Stablecoins can be legally controversial based on how they are used and the people who use stablecoins. Bankers and lawmakers suggest using this group of currencies, but some of them have problems competing with fiat money, which worries financial managers and banks. A good example of this is the Facebook stable coin project (formerly Libra and now Dim), which has faced many obstacles, even with billions of users.

Low liquidity

   Another limitation of stable coins is the low level of liquidity. In some cases, even if a liquidity problem occurs, the user of StableCoin has to go to the issuer country to follow it up, and it will incur a lot of costs and time.

Price volatility and the possibility of falling prices

   Although these currencies are stable, they are cryptocurrencies and their value may change. Changes in the price of stable coins are usually very minor and occur due to changes in supply and demand in the market.


Fiat currencies-backed stablecoins and assets are far from the expected values in decentralized technology. This group is controlled and supplied by a specific institution that has a centralized nature and all the value of stable coins depends on our trust in these institutions. The audit and trust process is also performed by a third party company, which in turn contradicts the nature of decentralization and elimination of intermediaries.

Unforeseen events

Stablecoins are designed for normal market conditions and may fall sharply in the event of an unexpected event. This problem arose for the stablecoin (FEI). This coin, which was supposed to keep its price close to one dollar fixed without dollars (like Tether) and cryptocurrency (like Dai)support and only through the currency pool of FEI / Eth, initially dropped to half a dollar!

top stablecoins

The most popular stablecoins of the market

Stable coins are very diverse and their number and degree of popularity are changing day by day. Here are some examples of the most famous ones.

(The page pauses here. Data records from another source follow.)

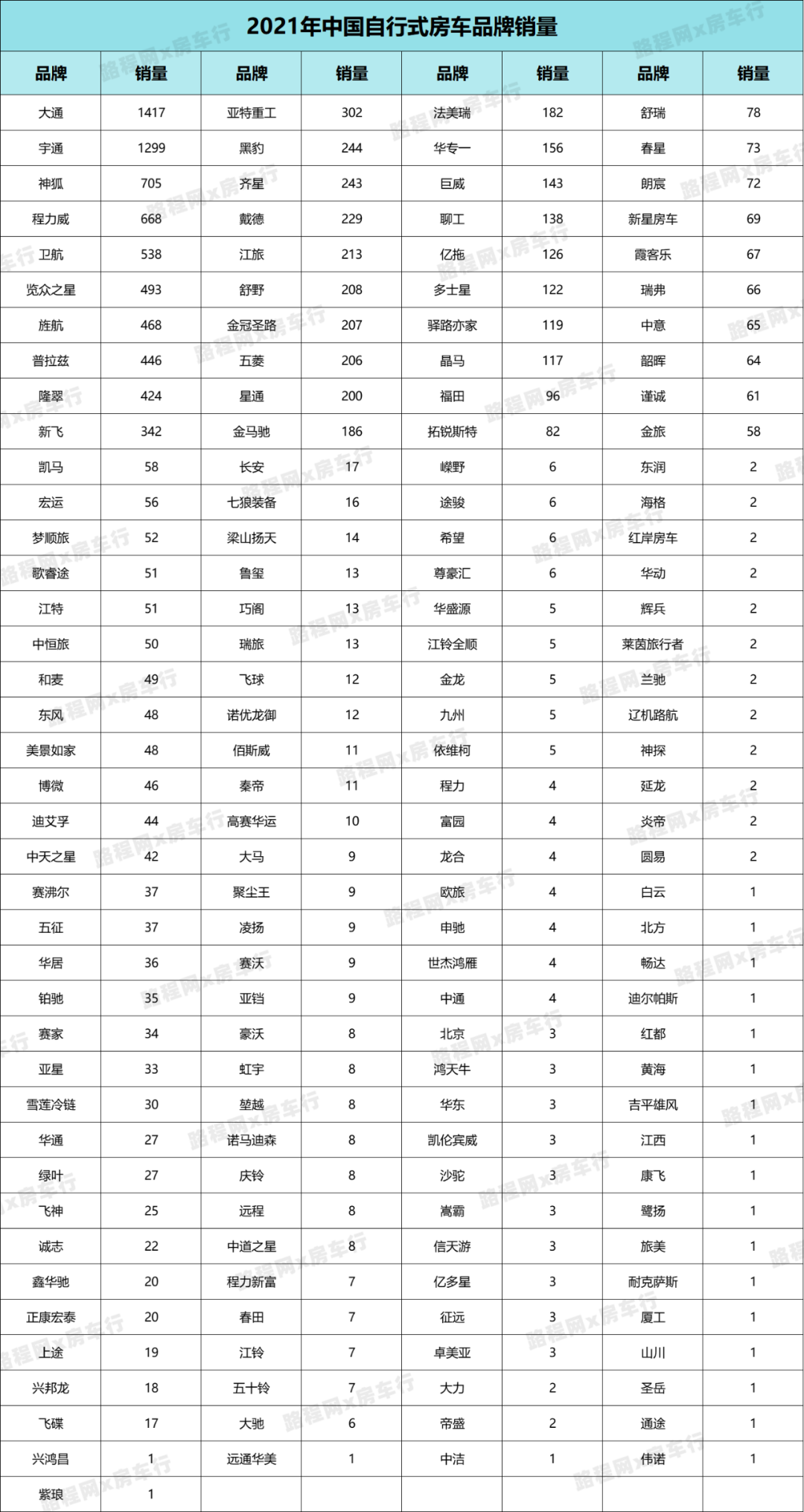 此外,诸如神狐(湖北合力特种车辆制造有限公司)、程力威、戴德隆翠、卫航、览众、旌航、瑞弗(普拉兹)、新飞、亚特重工、黑豹、齐星、江旅、舒野、金冠、五菱、星通、金马驰、法美瑞、华专一、巨威、聊工、亿拖、多士星、驿路亦家、晶马、福田、拓锐斯特等国产自行式房车品牌也均取得不错的销量,这里也祝愿各大房车厂商在新的一年里,可以续写荣耀,再创辉煌。
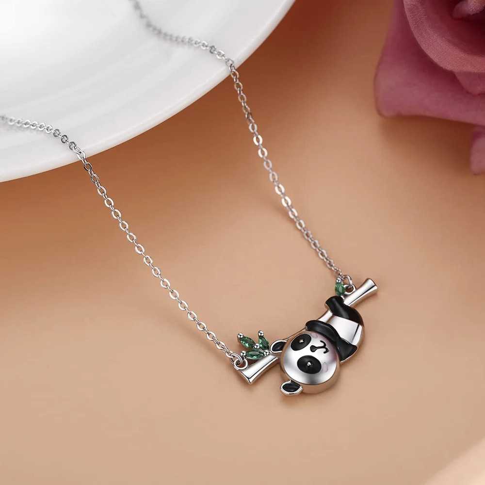 The pendant is the focal point of the necklace, meticulously crafted in the shape of a panda bear. It is made from a base metal and then plated with rose gold, gold, or silver, depending on the variant chosen. The choice of plating adds a luxurious touch and enhances the pendant's durability. The necklace comes with a collar bone cable link chain, which is designed to sit gracefully along the collarbone area when worn. The cable link chain is known for its strength and durability, ensuring that the necklace withstands regular wear without losing its shape or luster. A charming accessory that combines whimsical design with quality craftsmanship. Whether worn as a personal statement or gifted to a loved one, it adds a touch of joy and style to any jewelry collection.
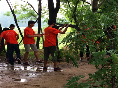 下午,实践团五名成员徒步来到村外的环形公路上,经实地观测,成员们发现直接入村的公路只有一条,并且由于道路两侧树木生长茂盛,从外围观察公路无法直观地获得道路两侧分岔口的交通状况,具有一定的交通隐患。同时部分树枝外伸到公路上侧,导致公路上侧形成自然限高,虽不影响村民的正常出行,但由于村内正进行农村建设,这种情况可能影响到大型货车以及客车的通行。发现情况后,实践团成员李晶磊立即回村与村委联系协商,最终决定将外伸树枝进行切割整理,经实践团成员请求,村委决定将这项工作交付给成员们,并给成员们提供了电锯等工具。成员们首先对树的分布和树枝的生长位置进行观察,确定需要切割的树枝及切割点。由于部分树枝较为粗壮,强行切割不能最大限度地降低对树木的损害,成员们决定以分部切割,定点取力的方式,对影响通行的树枝进行清理。切割过程中,成员们遇到不少困难,由于刚下过雨,道路较为泥泞,给进行切割的成员造成不少困扰,同时电锯的剧烈震动让成员们有些招架不住,不过在五名成员的齐心协力下,影响通行的树枝最终被成功切割,并最大限度的降低了对树木的损害。
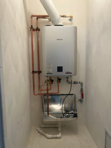 We arrived on site and the customer was interested in replacing their tank style water heater with a new tankless water heater. We discussed options with the customer and they decided to go with installing a tankless water heater. We acquired the needed equipment and returned to install a new Rinnai RXP199iN tankless water heater. We hauled the old tank style water heater away for recycling. We started up the new tankless and checked for a proper operation.the customer was pleased to have a never ending supply of hot water as well as the space savings of having a smaller unit in their closet.
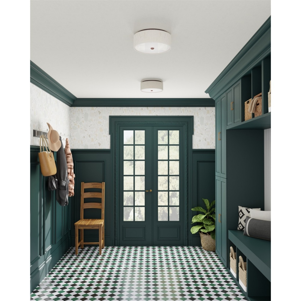 The exterior of the shade of the Tyrone Flush Mount is wrapped in recycled paper that has been twisted like braided hair. The paper is painted white to blend with the white diffuser affixed to this ivory flush mount. The wrought iron ceiling mount and finial nicely contrast the crispness of this design. The Tyrone is fitted with integrated LED technology.
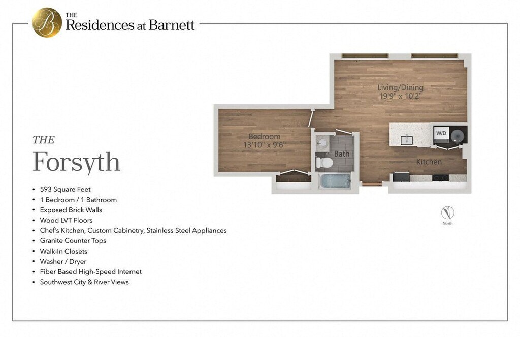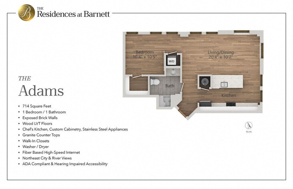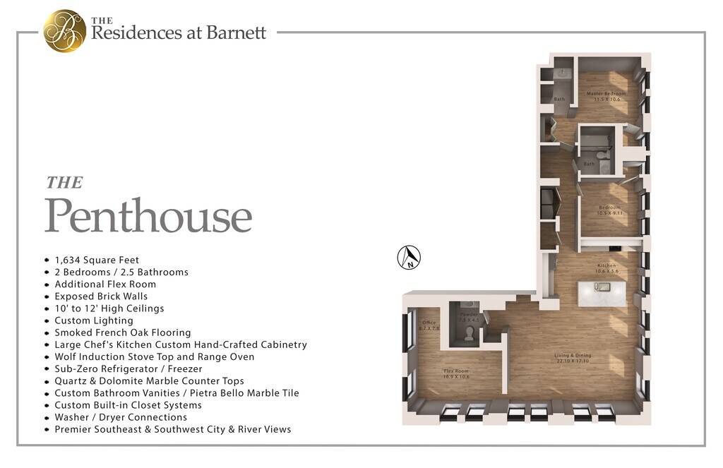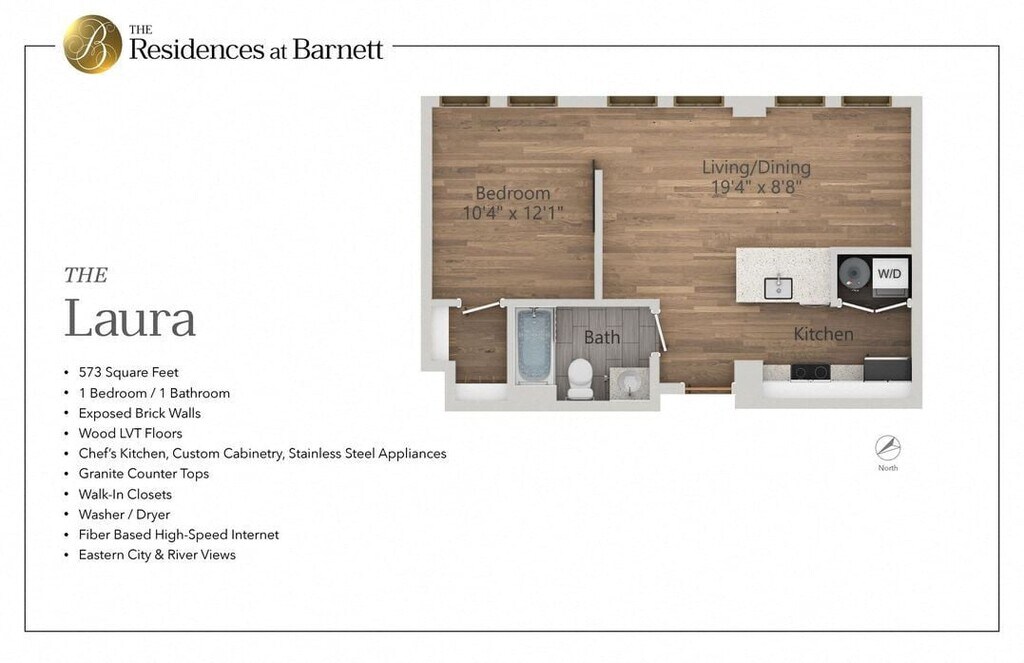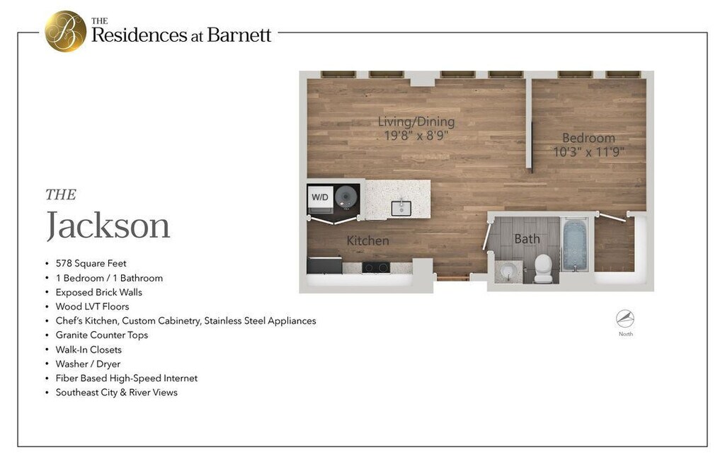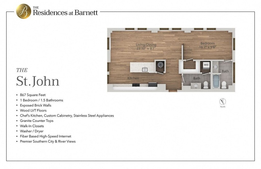 El histórico edificio Barnett renace en 2019 luego de dos años de conservación y de la reinvención de uno de las principales direcciones del centro de la ciudad de Jacksonville. La torre de 18 pisos ahora cuenta con 107 apartamentos residenciales estilo loft, con vista al centro de Jacksonville y al St. Johns River. Los catorce exclusivos planos de planta ofrecen lo último en tecnología y acabados excelentes, que incluyen paredes de ladrillo a la vista, cocinas de chef con gabinetes personalizados, electrodomésticos de acero inoxidable, encimeras de granito y pisos de madera LVT. Todos los apartamentos incluyen acceso a Internet de alta velocidad y estacionamiento privado seguro. Disfruta de esta increíble propiedad con las mejores vistas de la ciudad. No es solo historia, es tu hogar.
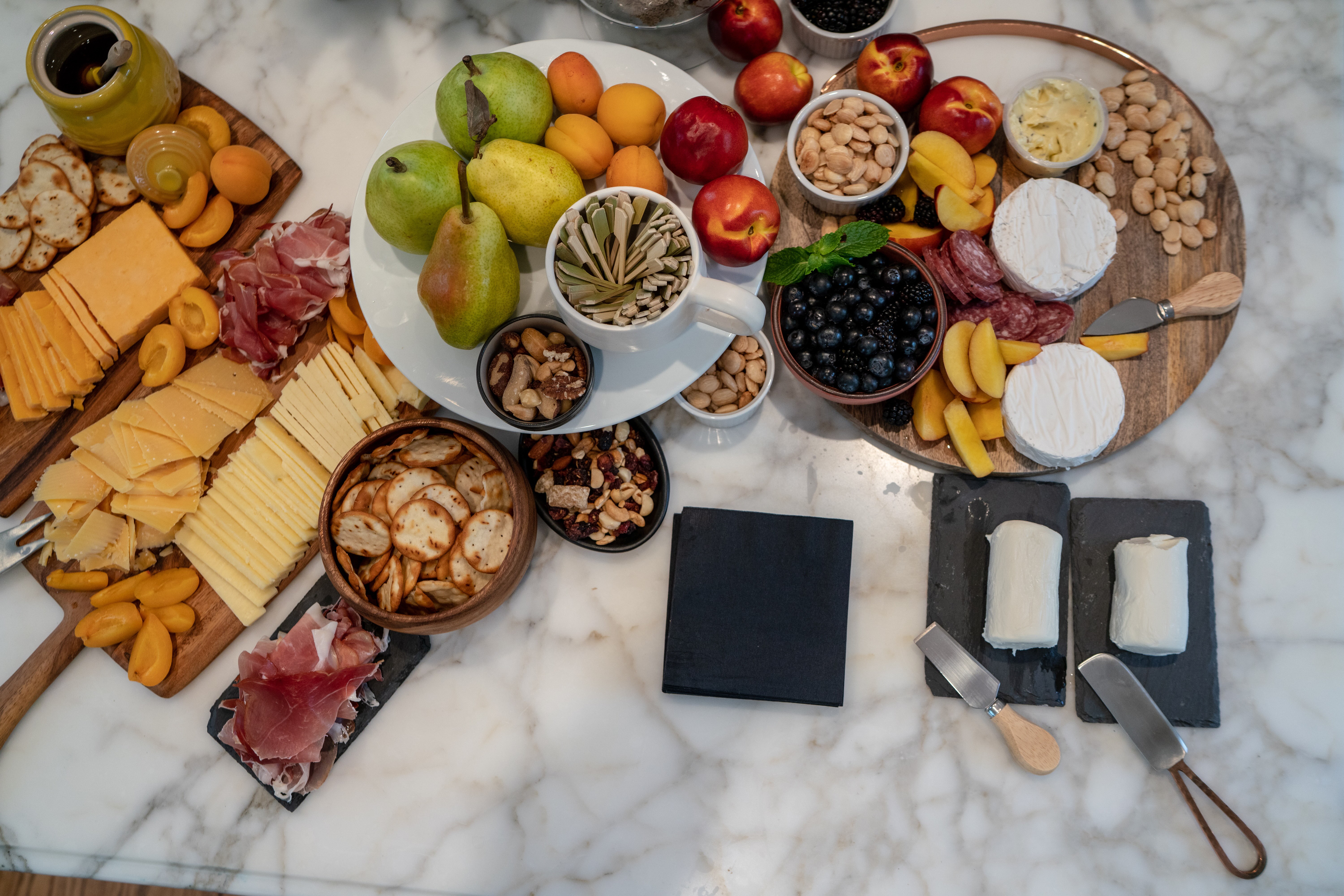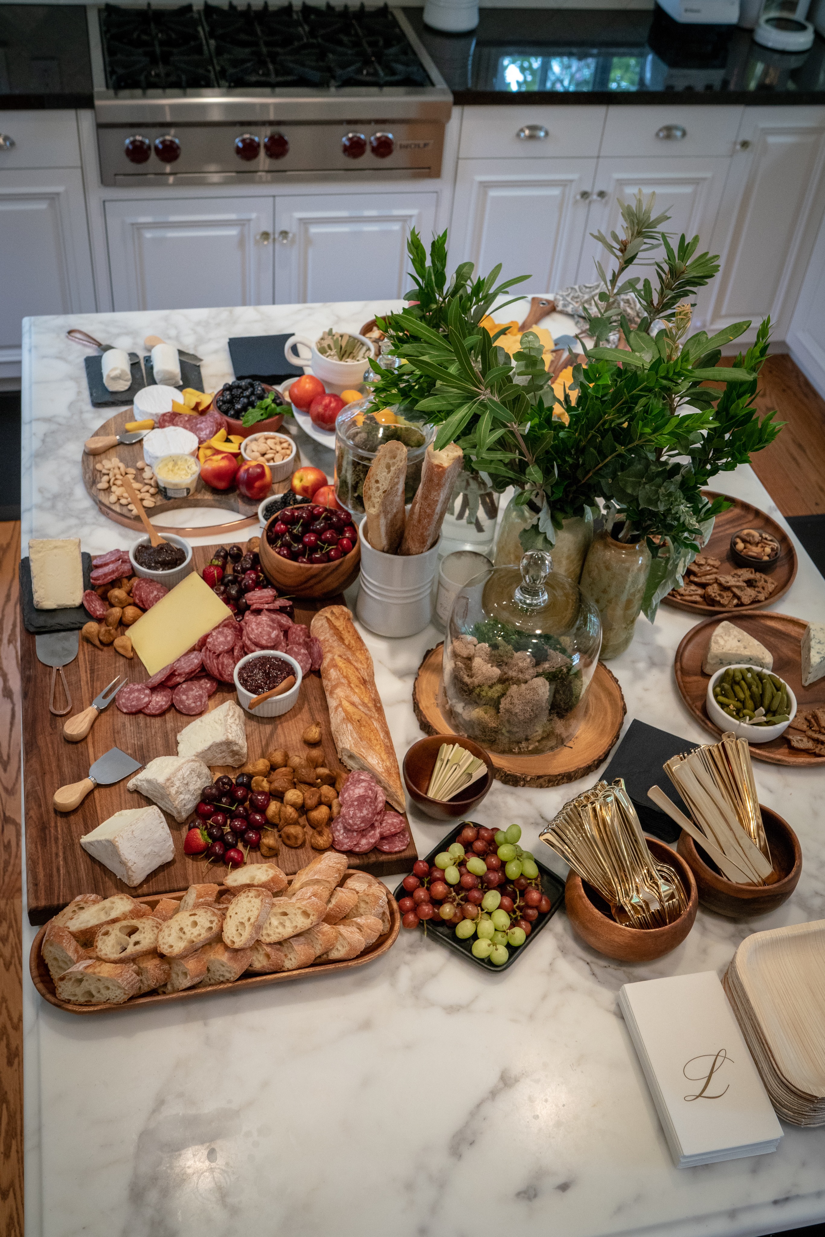 Having company over means gathering friends and family together to be social and have fun! Instead of a formal sit down dinner, I love converting my kitchen island into a “grazing” hub with different themed stations. This particular event was my son’s 4th birthday party. I wanted parents (and kids) to have the option of choosing from pizza and popcorn and a buffet of themed fruit, nut and cheese boards. Some parents hung out all day here and never left!

  • Tether (USDT) backed by US Dollars
  • USC (USDC) backed by the US dollar
  • Facebook's Libra cryptocurrency backed by Fiat currencies
  • US Dollar (TUSD) backed by the US dollar
  • UST
  • Gold-backed Dai
  • US Dollar-backed Packs (USDP) issued by the New York State Financial Services Authority
  • MakerDAO with Ethereum cryptocurrency Support
  • BUSD


In the above article, we tried to introduce you to the concept of stablecoin, to examine the disadvantages and advantages and their types to some extent. Stablecoins are growing and changing rapidly, and with the development of the cryptocurrency world, their types and functions will take another form and will become a fierce competitor of Fiat currencies.